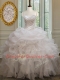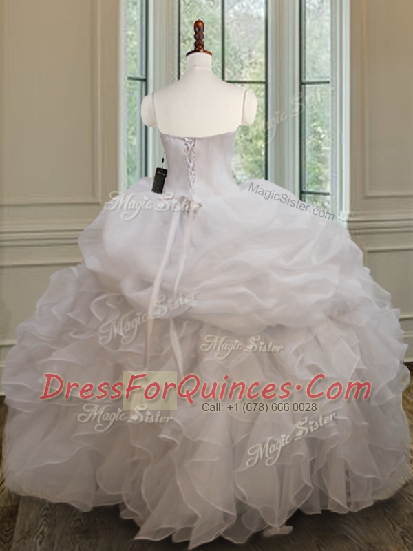 Pretty White Lace Up Sweetheart Beading and Ruffles and Pick Ups Quinceanera Dress Organza Sleeveless
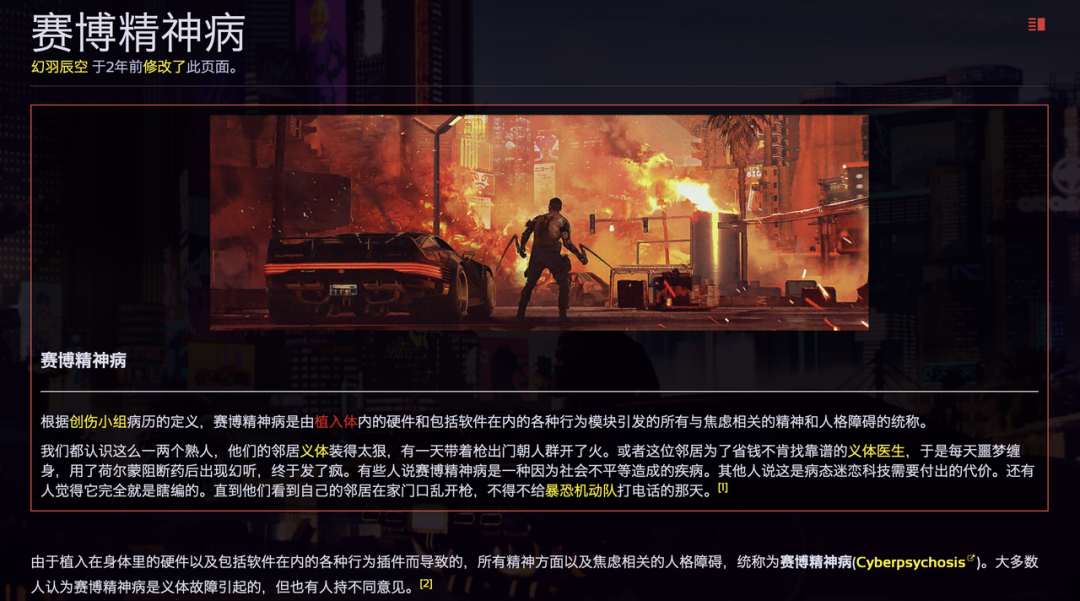 在游戏《赛博朋克 2077》里,夜之城里的人因身体与机械过度融合,常常患上“赛博精神病(Cyberpsychosis)”:神经系统和认知边界崩溃,最终迷失自我。
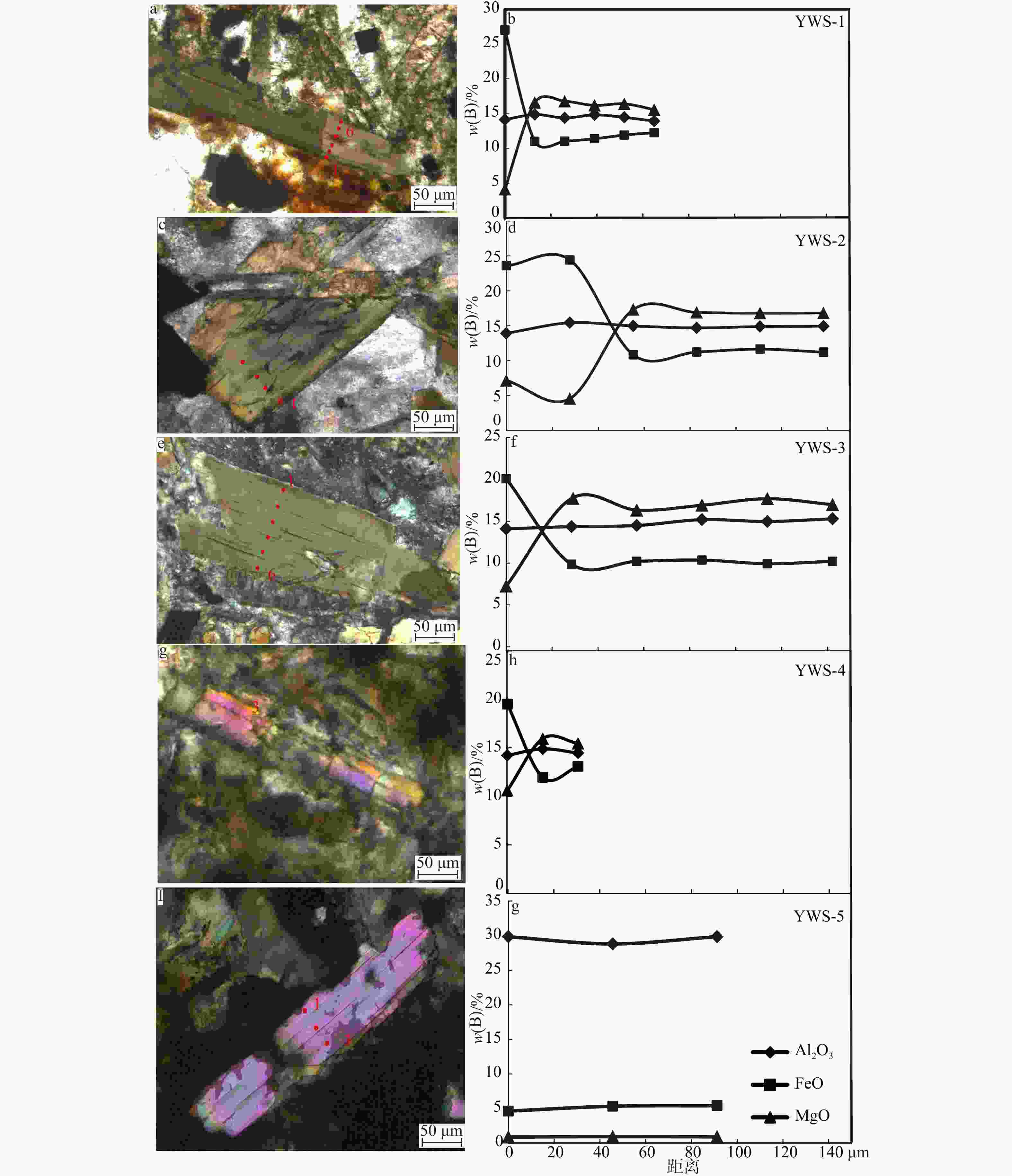 a—YWS-1相带正交偏光下的云母;b—YWS-1相带云母元素的分布;c—YWS-2相带正交偏光下的云母;d—YWS-2相带云母元素的分布;e—YWS-3相带正交偏光下的云母;f—YWS-3相带云母元素的分布;g—YWS-4相带正交偏光下的云母;h—YWS-5相带云母元素的分布;i—YWS-5相带正交偏光下的云母;j—YWS-5相带云母元素的分布
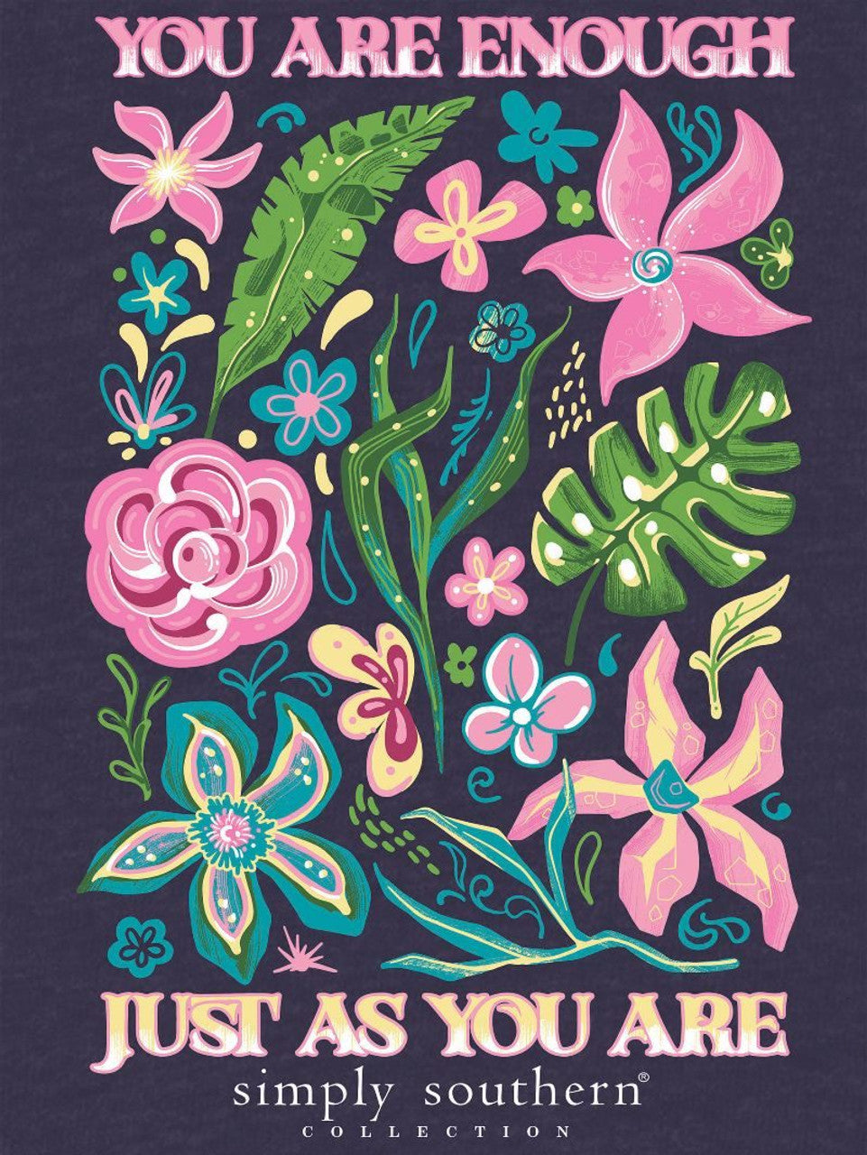 Heather navy short sleeve shirt with the phrase 'You are enough just as you are' and a collage of flowers and plants in a chalk art style. Simply Southern logo below and on left chest. 100% cotton. Unisex sizing.
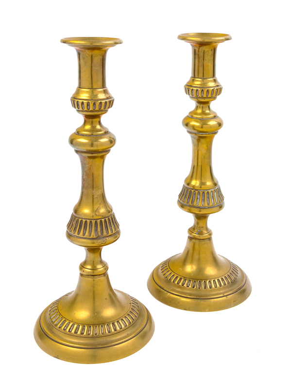 Each knopped stem with fluted bands, raised on a conforming circular foot.
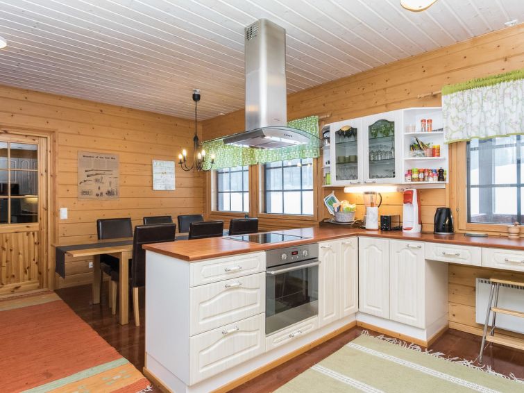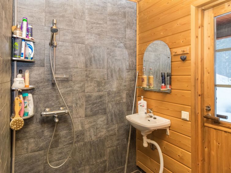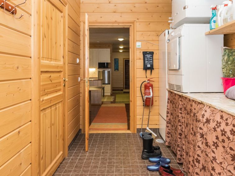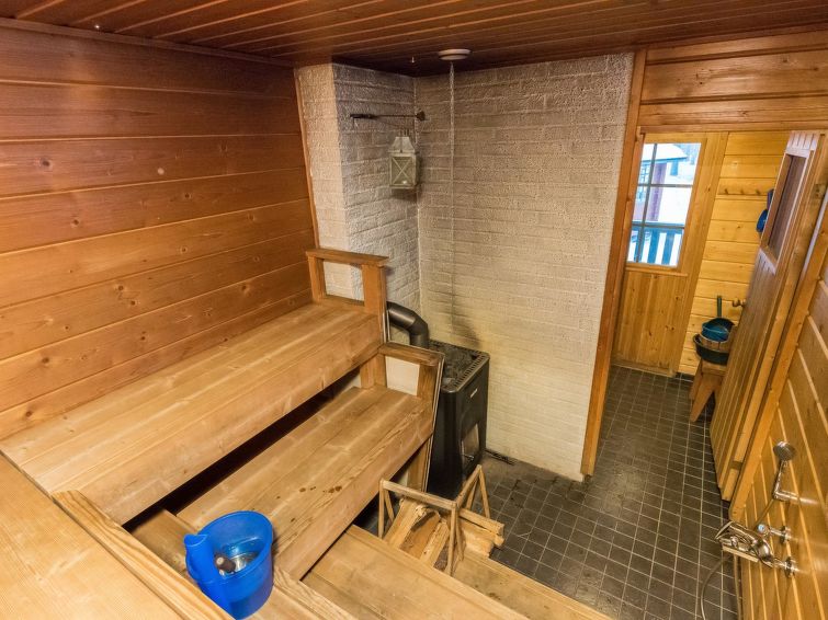 The main building does not have a sauna, but there is a separate well-equipped lakeside sauna (25 m²) with washroom, living room with fireplace, kitchenette and two alternative beds.
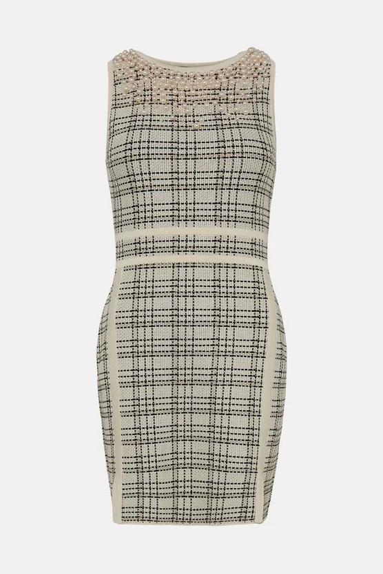 Light-catching pearls lend a unique touch to this sleek pencil dress. Cut to a simple, streamlined fit that shows off legs beautifully, this checked design blends ladylike appeal with a modern finish. Enhance the fuss-free, sleeveless fit and monochrome palette with chunky black heels and matching pearl earrings.
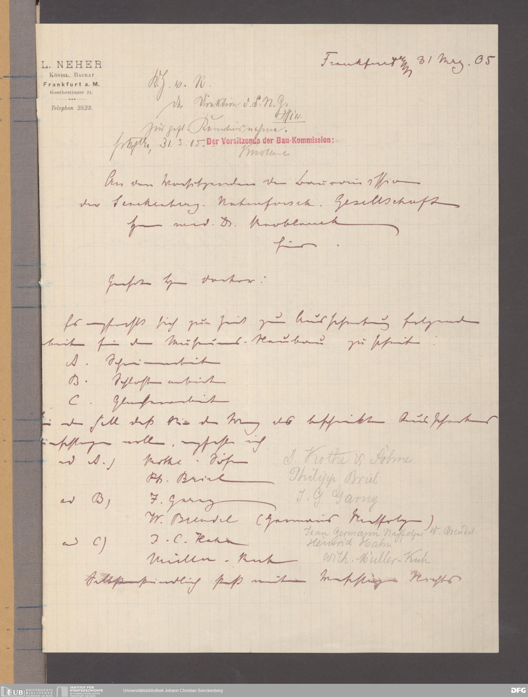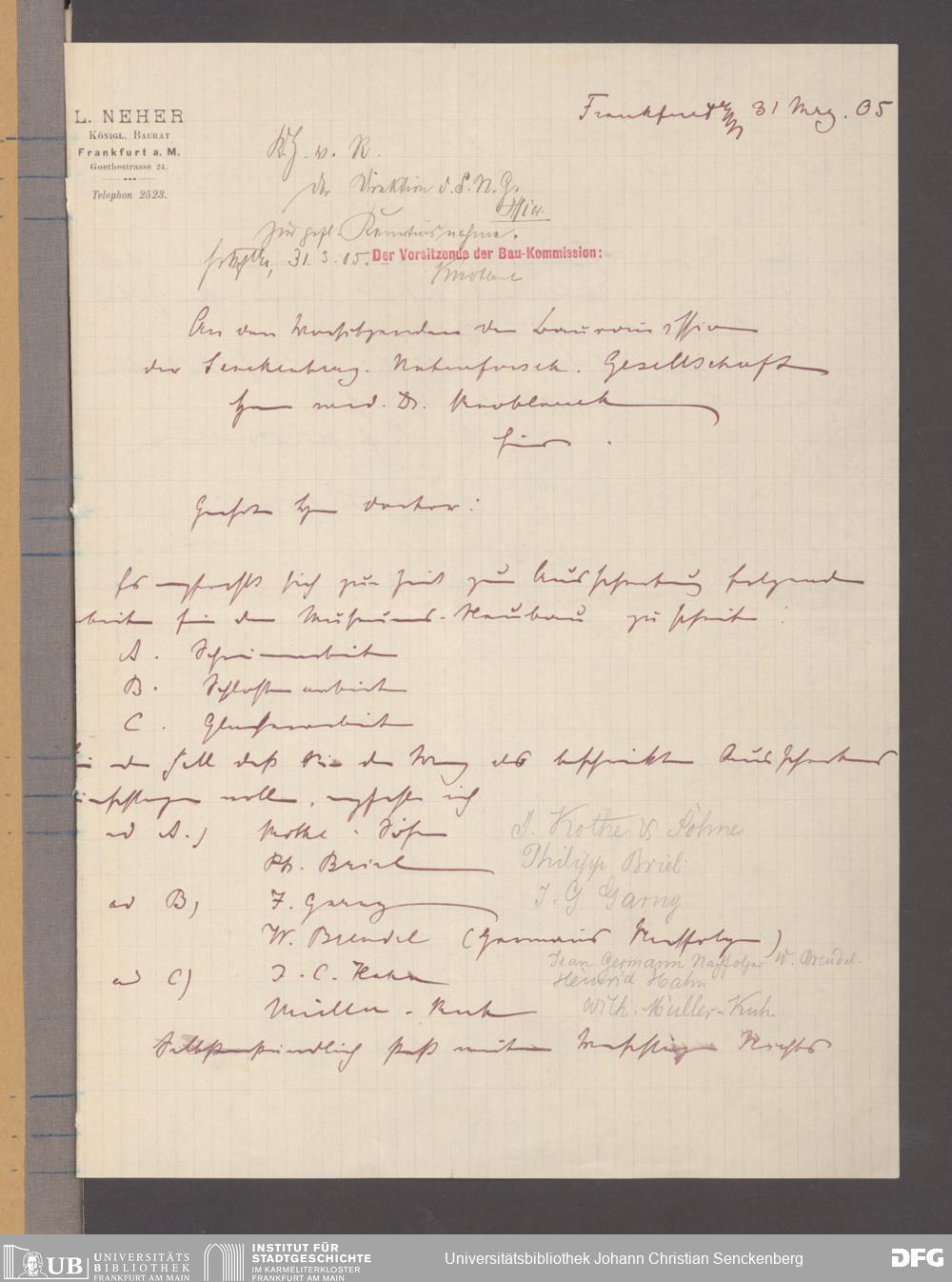 V176 Senckenberg Gesellschaft für Naturforschung, 135 - Kommission für den Neubau des Senckenbermuseums

====

Return an exact transcription of the entries above, excluding each image.

SOLUTION TO THIS TASK →
 Pretty White Lace Up Sweetheart Beading and Ruffles and Pick Ups Quinceanera Dress Organza Sleeveless
 在游戏《赛博朋克 2077》里,夜之城里的人因身体与机械过度融合,常常患上“赛博精神病(Cyberpsychosis)”:神经系统和认知边界崩溃,最终迷失自我。
 a—YWS-1相带正交偏光下的云母;b—YWS-1相带云母元素的分布;c—YWS-2相带正交偏光下的云母;d—YWS-2相带云母元素的分布;e—YWS-3相带正交偏光下的云母;f—YWS-3相带云母元素的分布;g—YWS-4相带正交偏光下的云母;h—YWS-5相带云母元素的分布;i—YWS-5相带正交偏光下的云母;j—YWS-5相带云母元素的分布
 Heather navy short sleeve shirt with the phrase 'You are enough just as you are' and a collage of flowers and plants in a chalk art style. Simply Southern logo below and on left chest. 100% cotton. Unisex sizing.
 Each knopped stem with fluted bands, raised on a conforming circular foot.
 The main building does not have a sauna, but there is a separate well-equipped lakeside sauna (25 m²) with washroom, living room with fireplace, kitchenette and two alternative beds.
 Light-catching pearls lend a unique touch to this sleek pencil dress. Cut to a simple, streamlined fit that shows off legs beautifully, this checked design blends ladylike appeal with a modern finish. Enhance the fuss-free, sleeveless fit and monochrome palette with chunky black heels and matching pearl earrings.
 V176 Senckenberg Gesellschaft für Naturforschung, 135 - Kommission für den Neubau des Senckenbermuseums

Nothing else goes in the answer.